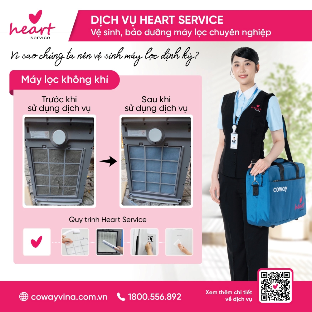 Nếu bạn đang sử dụng các sản phẩm máy lọc không khí Coway và quá bận rộn hoặc lo lắng về việc vệ sinh không đúng cách làm hỏng màng lọc đắt tiền, dịch vụ Heart Service độc quyền của Coway chính là lời giải hoàn hảo. Thay vì phải tự ghi nhớ lịch thay lõi hay loay hoay tìm dụng cụ vệ sinh, đội ngũ chuyên viên Cody (Coway Lady) sẽ thay bạn chăm sóc máy định kỳ 2-4 tháng/ lần với quy trình chuyên sâu:
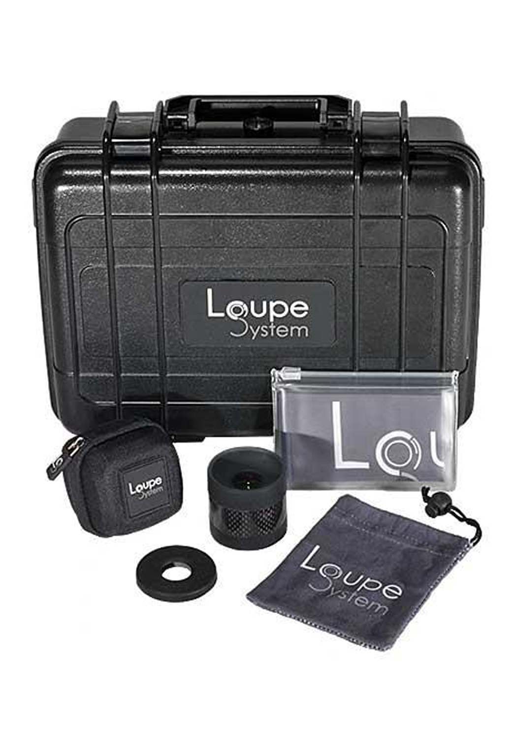 The loupe is provided with two interchangeable silicone rubber eyecups. The standard one gives a 40mm-wide viewing field. The alternative flat eyecup places the eye closer to the loupe, thus providing a wider 50mm viewing field. Each loupe is delivered with its alternative silicone rubber eyecup, a microfiber carry pouch, and a hard shell carry case. All elements are packed in an ABS waterproof case, which is enclosed in a cardboard shipping box. A second inner foam set is also included for the ABS shipping case, allowing you to transform it into a four-watch dust-proof, water-proof and crush-proof transport case.
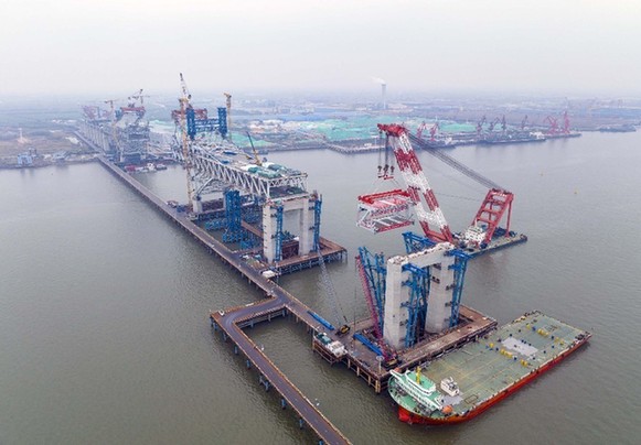 常泰長江大橋是一座公鐵兩用斜拉橋,連接江蘇省常州市與泰州市。建成后,主航道橋主跨達(dá)1176米,將成為世界上跨度最大的斜拉橋。
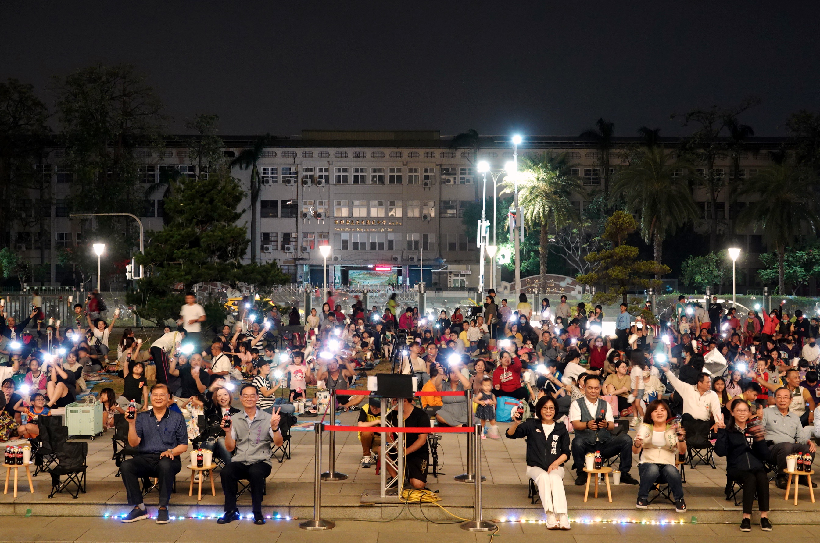 ↑圖說:高雄市議會寒冬聯合送暖活動,首次以星空電影院的形式,邀請市民與弱勢受贈家庭一同欣賞電影。(圖片來源:高雄市議會提供)
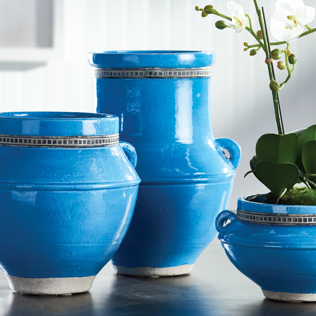 Handcrafted by skilled artisans, each piece is an original and varies in size and color. Dust with dry cloth. Protect fine furniture by lining the interior of the pottery when necessary. Decorative interior use only.
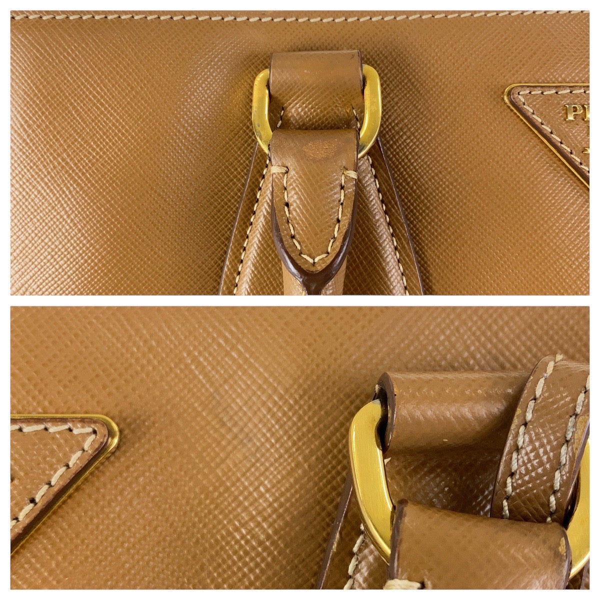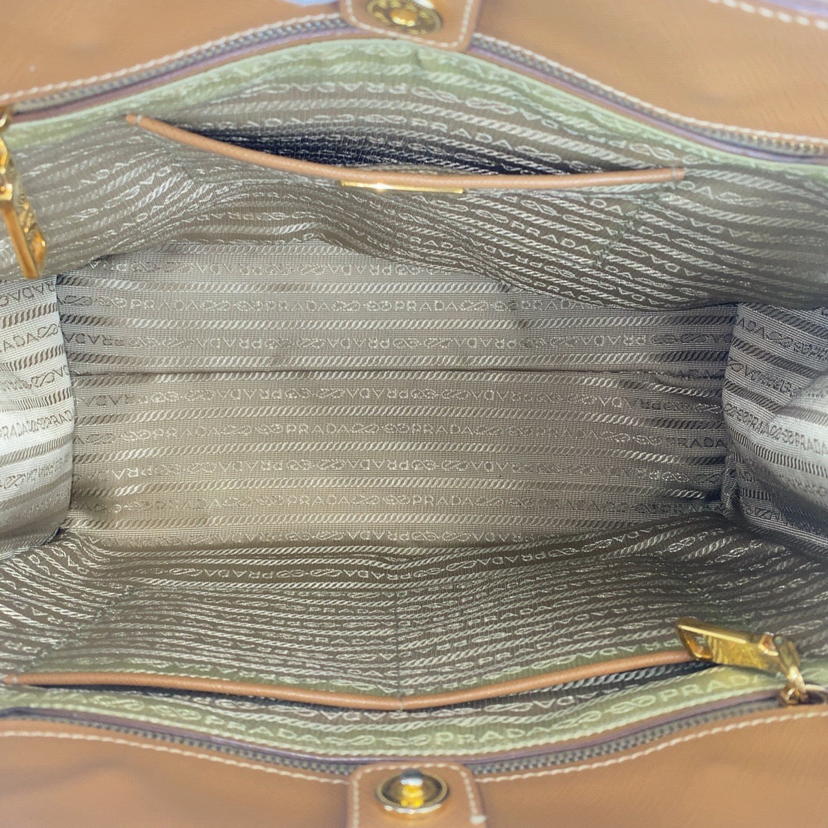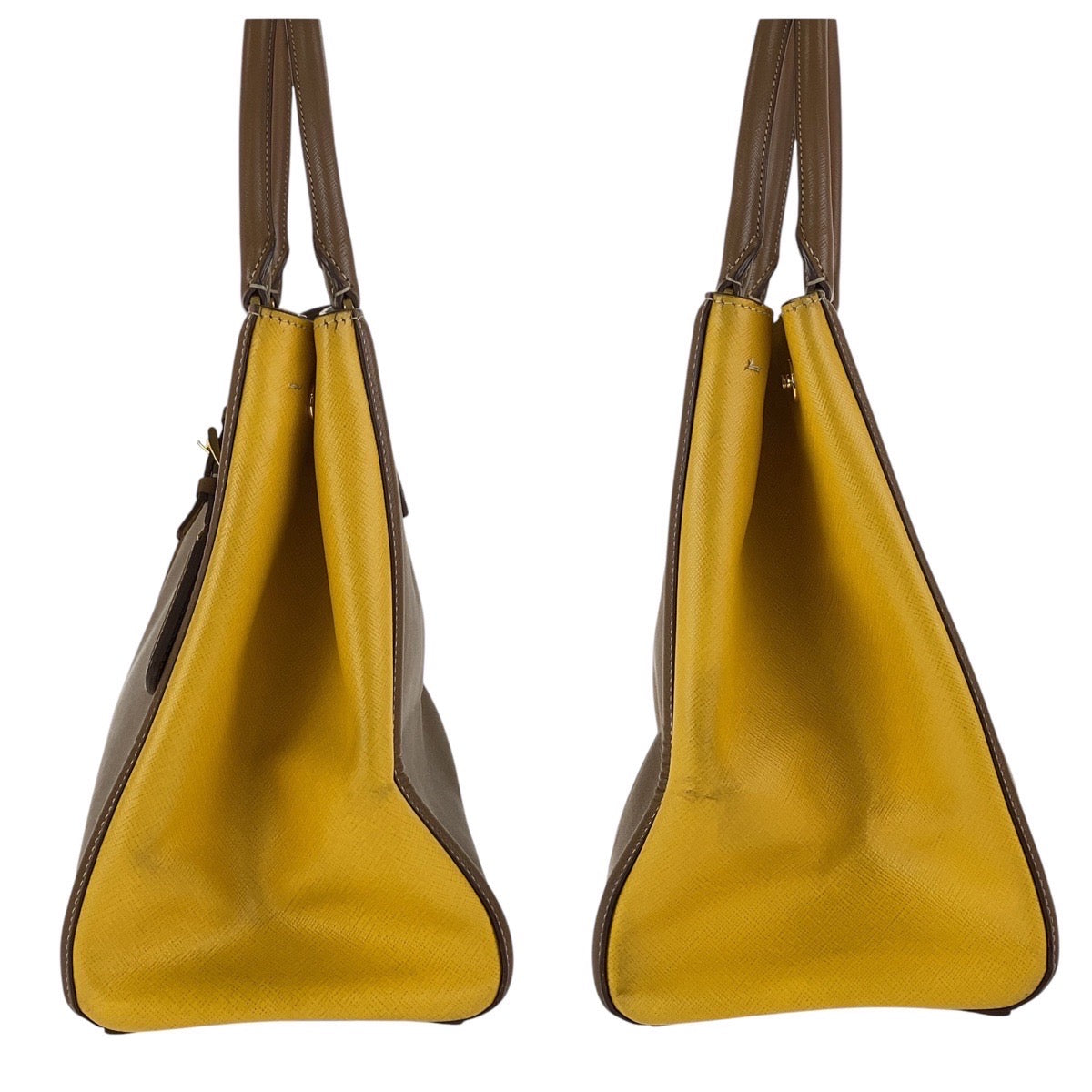 17047 PRADA プラダ サフィアーノ 三角ロゴプレート バイカラー ブラウン イエロー ゴールド金具 レザー トートバッグ ショルダーバッグ 2WAY レディース AB78

::::

*YOUR ASSIGNMENT:*
Once you find the line that contains "Handcrafted by skilled", reproduce it and every line after it through the end of the entries above, exactly as written, with no pictures.

*EXERCISE RESULT:*
 Handcrafted by skilled artisans, each piece is an original and varies in size and color. Dust with dry cloth. Protect fine furniture by lining the interior of the pottery when necessary. Decorative interior use only.
 17047 PRADA プラダ サフィアーノ 三角ロゴプレート バイカラー ブラウン イエロー ゴールド金具 レザー トートバッグ ショルダーバッグ 2WAY レディース AB78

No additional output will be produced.